# The Year I Bought Every Family In Town A New Car For Christmas



## Meanderer (Dec 9, 2014)

The year 2011 was coming to a close.  It had been a good year and as I thought about our little town, I had the idea that since most of the folks had old cars or none at all, I would do something about it.  Then and there I promised myself that I  would park a new car in front of every house!  Now as I said our town is very small, and the townsfolk are a quiet bunch. They are quite happy, just to be here!  Truth be told, they don't drive much to speak of, and the little train still comes through town on occasion, so just maybe this idea would perk up the whole town.

So,one cold December day, four years ago, I headed out to buy 12 new cars.  The very first place I stopped at had what I wanted.  A twelve pack of metal die-cast cars.  A real variety of colors and styles....something for everyone!  They were a bargain too...it is only modesty that keeps me from disclosing the total sticker price!  

Well, when I got them back to town, first thing I had to do was to collect and dispose of the old cars, and very carefully divvy up the new "wheels" in a way that would be pleasing to all.  After I had finished, I stood back and I found out that I had been right...It did perk up the whole town.  Well it will be three years since then,and I have not heard a word of complaint...or thanks for that matter, but the act was meant to be anonymous after all.  They all still have low mileage, and their new car shine...especially when the tree lights are turned on!

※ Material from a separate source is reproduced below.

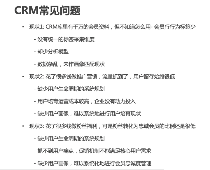 再讲一个概念就是「CRM」,业界有很多探讨,其中也有一些问题点,如上图,后面分享我们对CRM可以专门展开。
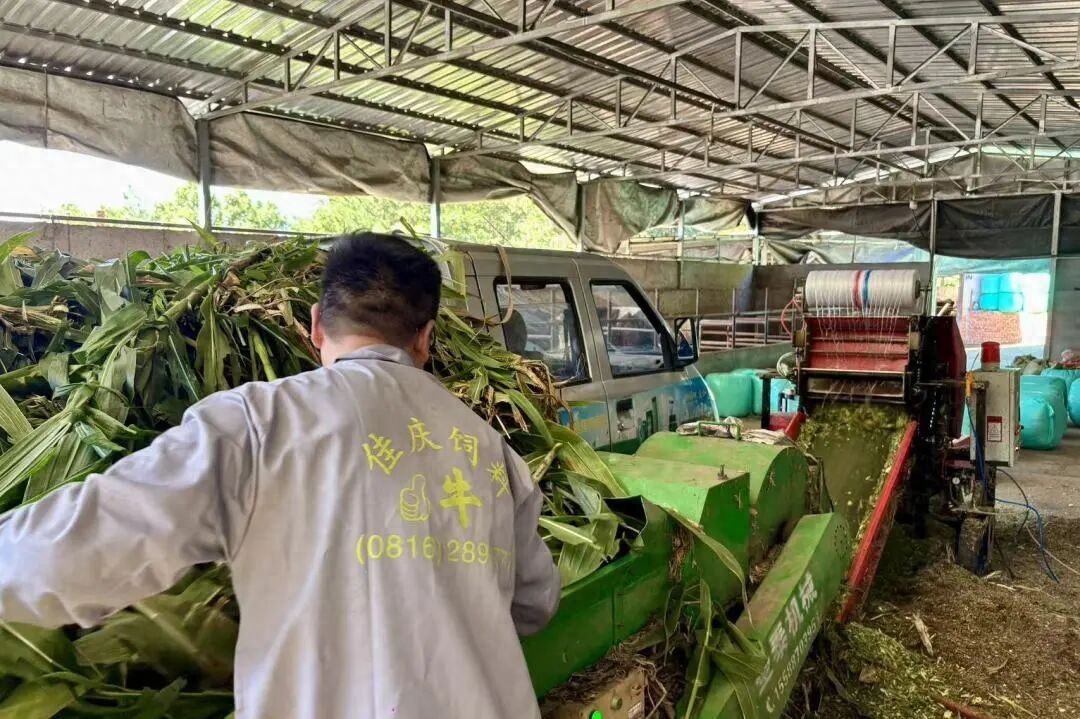 “除了我们白山村,我们还对周边同心村、杨家浩村、龙泉社区等多个村组的秸秆进行上门回收。”养殖场负责人焦伟捋了把沾着草屑的衣袖,指着场院外陆续抵达的运输车介绍:“老百姓早上砍完秸秆,我们便在中午前上门,回收、粉碎、加工、打包、青贮。去年回收半径还局限在3公里,如今通过设立4个临时收储点,最远能覆盖8公里外的种植区。”

Oh, and I almost forgot...I had a little left in the kitty...enough to buy a new school bus for the town's little school!  All in all, the Christmas of 2011 was one of the Town's best!  .....and Oprah had nothing to do with it!

View attachment 11645


----------



## Falcon (Dec 9, 2014)

Jim,  I've always admired a man with a generous heart.  How thoughtful of you. It must have emptied your piggy bank.

I can hear the town folk singing their praise.


----------



## jujube (Dec 9, 2014)

Hahaha!


----------



## Meanderer (Dec 15, 2014)

Here's a closer look at the Bus!

View attachment 11763


----------



## RadishRose (Dec 15, 2014)

Good man!!!!


----------